Upto the end of the 13th century, Somanatha was worshipped throughout
India as a deity of equal importance with Kasi Vishwanatha. From the 4th or 5th century, it was one of the greatest seats of Sanskrit learning presided over by the great teachers of the Pashupata Cult of Shaivism, which exercised its influence in the whole of India. It was the considered view of both Sardar Patel and K M Munshi that the reconstruction of Somanath Temple by itself was not enough in those days of cultural resurgence, nor did the authoritative tradition of that great temple permit its dissociation from a centre of learning. If the temple was to be a real centre of attraction for the country, they felt that it should have a close association with an All India Sanskrit University and should also have a suburb where people could come either for health, study or for rest, and a gho-shala. All these proposals were approved by Sardar Patel. Thanks to the united efforts of Sardar Patel and K N Munshi, we have today a full-pledged somanath Sanskrit university at somanath.
His Highness the Jam Saheb laid the foundation stone of the Seventh Temple on May 8, 1950. A silver Nandi was consecrated and with its aid K M Munshi performed on October 19, 1950, the ceremony of pulling down the Fifth Temple, which, hoary and in ruins, was awaiting the shrine’s resurrection.
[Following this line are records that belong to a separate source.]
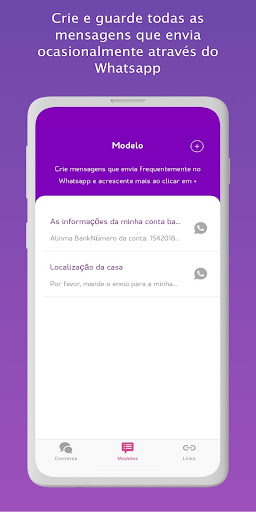 • Grave as mensagens padrão que costuma enviar no WhatsApp. Grave-as no WtsAppy como notas que podem ser partilhadas no WhatsApp em qualquer momento, só com um Clique. Sim, com apenas um Clique! As mensagens padrão podem ser o seu código postal, a sua localização ou a sua conta bancária.
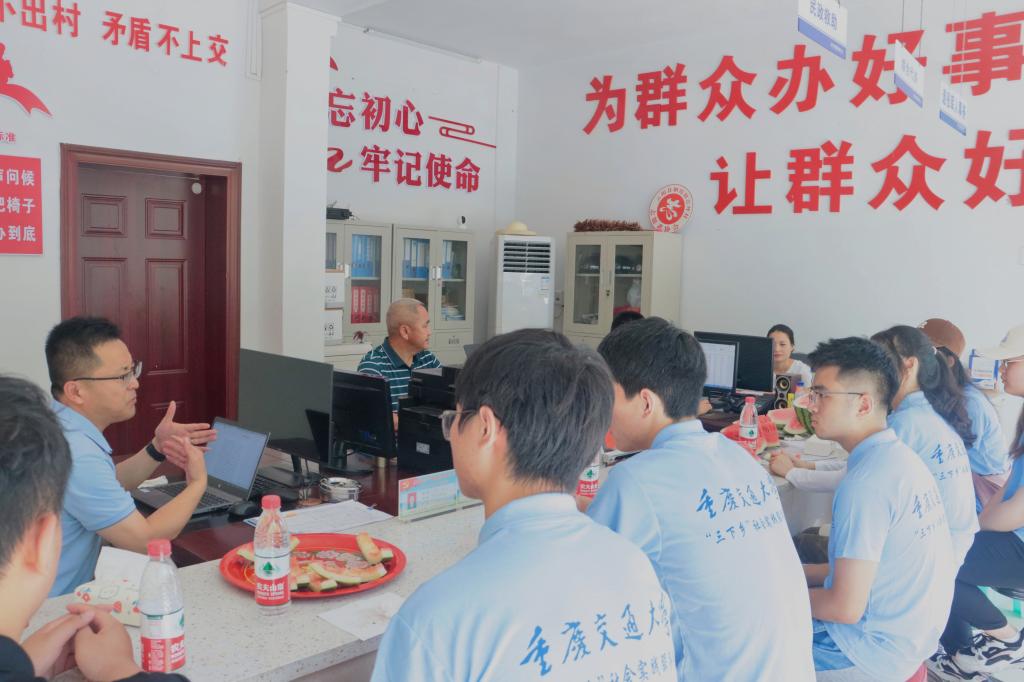 2022年7月11日下午,sunbet“喜迎党的二十大,永远跟党走,奋进新征程”暑期“三下乡”社会实践“援农侠”团队走进云阳县栖霞镇吉平村与当地村干部等开展座谈会,对话乡村振兴——了解乡村建设情况,感受干部责任担当。
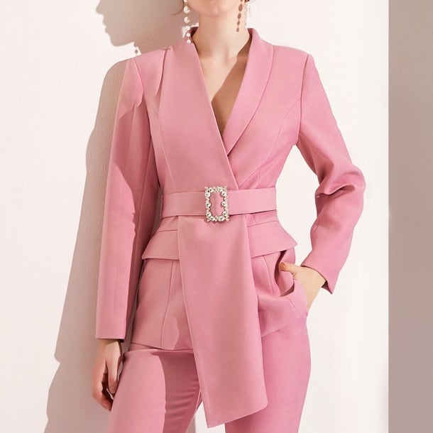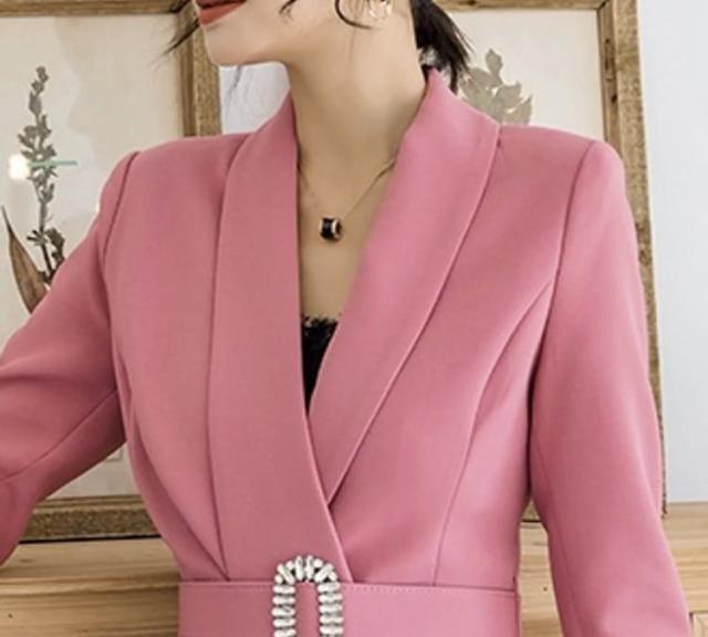 ハイウエストとビジューバックル付きウエストマークでスタイルアップが叶うジャケットと

Thus Sardar Patel and K M Munshi triumphantly marched together and succeeded magnificently in reconstructing the Somanatha Temple at Prabhasa Patan. Somanatha has been the shrine beloved of India. For ages, it has been not merely the shrine of the Hindus; pilgrims of other faiths are also referred to in old chronicles as visiting it. In its worship India found ancient glory and unending inspiration. In maintaining it with magnificence, India felt a throbbing zeal to maintain the core of her faith, tradition, and collective greatness.: Our ancient Hindu race subconsciously felt that it was Somanatha which connected it with the past and the present; it was the eternal symbol of its faith in itself and its future. That is why as often as the shrine was destroyed by the Muslim invaders, the irrepressible urge to restore it sprang up again and again all the time in its heart. That is why Somanatha, as a Jyotirlinga, has been given a premier place in religious literature for ages. That is why from Mahabharata downwards, the Pauranic literature has referred to Prabhasa with a reverence not shown to any other sacred place.
As K M Munshi sums it up forcefully and beautifully: ‘That is why for a thousand years Mahmud of Ghazni’s destruction of the shrine in 1025 AD has been burnt into the Collective Sub-conscious of the race as an unforgettable national disaster. It was perhaps a symbolic projection of the unexpressed wish of myriads of hearts of all generations who yearned for Somanatha’s resurrection. The national urge was reflected when Sardar Vallabhai Patel, with uncanny insight, saw on November 12, 1947 that we would never genuinely feel that freedom had come, nor develop faith in our future, unless Somanatha was restored’.